Il cattivo uso della narrazione è un fenomeno che accade spesso. In modo consapevole a volte, inconsapevolmente altre: il fatto è che non vi è molta differenza, gli esiti sono quello che conta. La soluzione è facile ed è a nostra portata. È una soluzione innovativa, poiché l’innovazione passa da molte strade. Vi sono eventi che, se ce ne accorgiamo, ci danno la possibilità di migliorare, di evolvere, di fare qualcosa di davvero importante per noi e per gli altri tra moltissime cose che facciamo soltanto per obbligo o per routine. I mutamenti ambientali, i flussi migratori e la loro gestione, le condizioni economiche dei nostri tempi, gli allarmi epidemiologici collegati alle emergenze sanitarie e molti altri segni raccontano, se ci facciamo caso, di competenze su cui investire. Competenze utili, se non indispensabili, per abitare i tempi che ci stanno venendo incontro.

“Parole oltre la cornice”
(foto di Elisabetta Arici)

Mai come ora appare evidente che nel Nuovo Mondo, nella società che è alle porte, le cosiddette competenze relazionali (soft skills) saranno necessarie per collaborare, per convivere, per realizzare business e servizi, per fare un salto di qualità nella politica, nella Pubblica Amministrazione, nella Scuola, nella sanità e nel sociale, nell’impresa. Ovunque. Andranno a permeare ogni segmento della società in modo importante, non per obbligo ma per richiesta. Saranno in una parola strategiche e di fatto lo sono già: il fatto è che non ci abbiamo dato troppa importanza, ci abbiamo pensato poco.

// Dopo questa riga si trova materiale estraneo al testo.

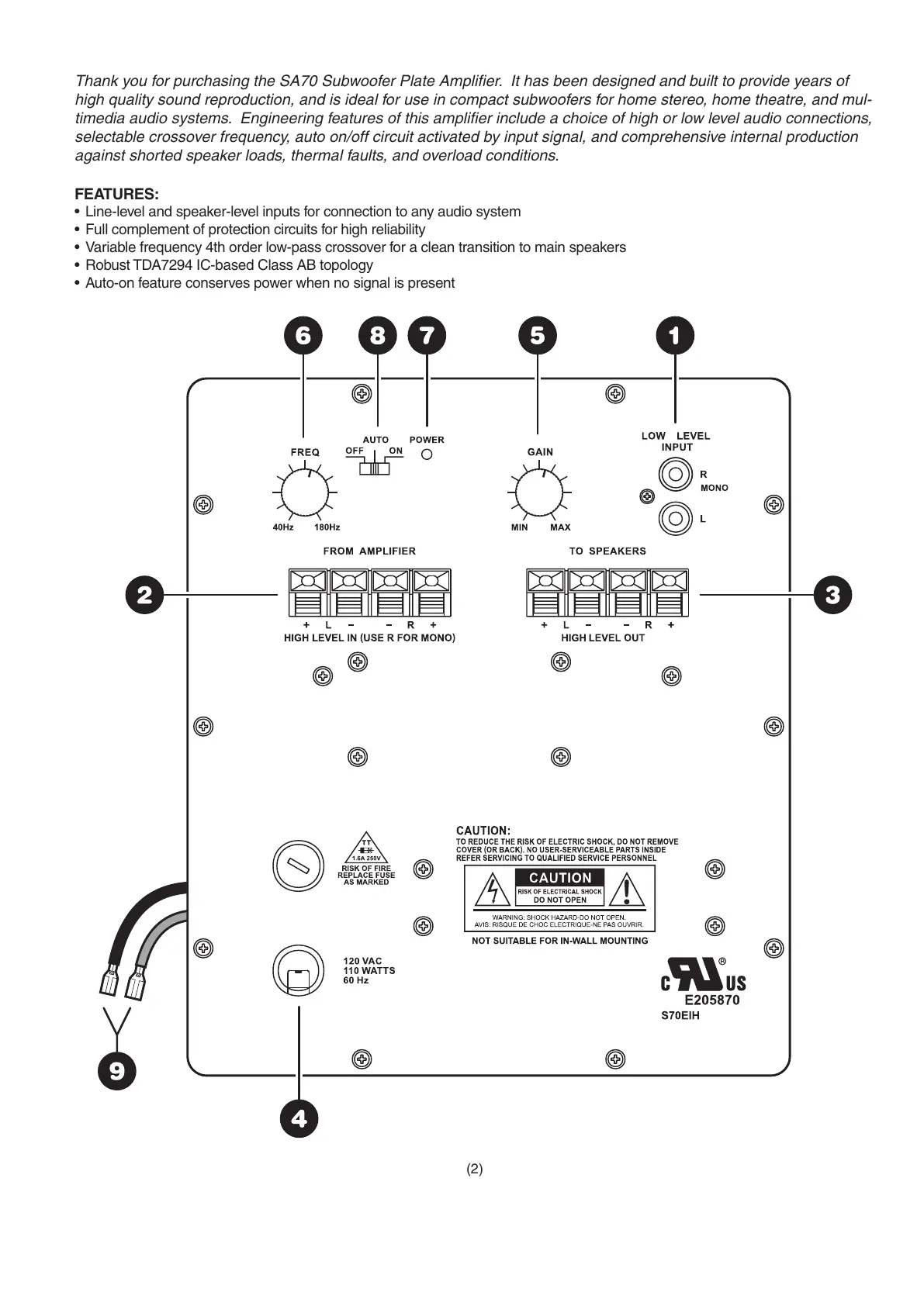 Thank you for purchasing the SA70 Subwoofer Plate Amplifier. It has been designed and built to provide years of

È giunto il tempo di occuparcene, perché il risultato che possiamo ottenere è il miglioramento della nostra vita, della nostra convivenza civile. Certo, queste competenze vanno profondamente ripensate. Nell’ultimo decennio si è investito con più o meno convinzione soprattutto sull’area “comunicazione”. Molte volte con qualità e progettualità, altre volte con approssimazione; a volte con interessanti sperimentazioni, altre volte con luoghi comuni e inesattezze. Chi ha puntato davvero sulla qualità ne ha tratto giovamento, in ogni contesto: interno, esterno, nelle vendite, nel marketing, nel miglioramento del benessere lavorativo, nella motivazione di individui e gruppi.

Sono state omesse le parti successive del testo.